Here's the latest project, an upgrade to a second 30A service. I didn't go to 50A because of cost. Replacing the EMS, the 50A inlet, converter, and shore power cord would have been cost prohibitive and I'm able to use some of the items I had left over from a Class B that I built several years ago. 
The electrical panel is a Blue Sea marine panel that was in the van. it came with a dual 30A breaker because in marine applications, you are required to break both hot and neutral legs, not so for RVs. So, I modified this panel to accept 2 separate 30A breakers with a sliding lockout to allow only one source at a time to feed the panel. There will be two 30A inlets, one going through an EMS to the existing converter, and the second which will go directly to this panel. Since I'm getting the two 30A feeds using a breakout box(shown below) plugged into the 50A outlet, both legs can share the same neutral and ground and those will be tied to their respective buss bars. This allows me to have 60A of usable service running off the CG 50A outlet. One of the 30A breakers is fed directly from the second power cord and the other is fed from the primary power cord. The sliding lockout allows me to use either the second power cord input to the second panel or the primary and this lets me combine both panels in the event I go where there is only 30A service. By combining both panels, I'm back to the original configuration of running everything off the CG 30 outlet if necessary. I'm not adding addition circuits to the existing 30A system, just splitting the circuits out so I can get a better balanced load.
The panel has green LEDs to indicate when something is hot, a nice touch, and a red LED that originally was a reverse polarity indicator but can be rewired to show when both panels are in parallel. When I split up and separate the loads, I'll leave the inductive loads on the leg that is EMS protected.

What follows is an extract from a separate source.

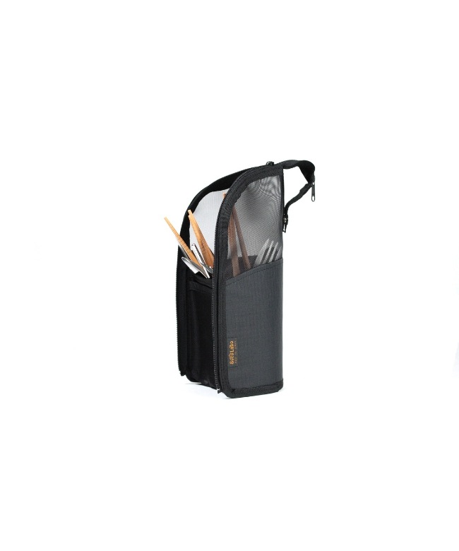 素材は、ボディ部分にXpacと中には自立するように芯材を入れ、それ以外の、上部・底面と極限まで細かいメッシュで虫や埃の侵入を防ぎ、水が溜まらないので、洗って濡れた状態で入れてどこかに吊下げておけば、乾くという機能的かつStylishなケースです。

I also have an additional 20A service that I use to run fans or space heaters when necessary so that I don't have to shut off appliances when I run them, thus, no tripped breaker. This is a total of 80A of available power, not as good as 50A service, but with one AC it will work fine and I won't have the AC tripping off when DW uses hr hair dryer or runs the microwave.

The labels on the panel are from when I built a class B several years ago and those are going to change so don't be confused by the labeling.
Also, Marinco makes an adapter that does the same thing, splits the 50A service into two 30A legs, I just chose to build mine.


----------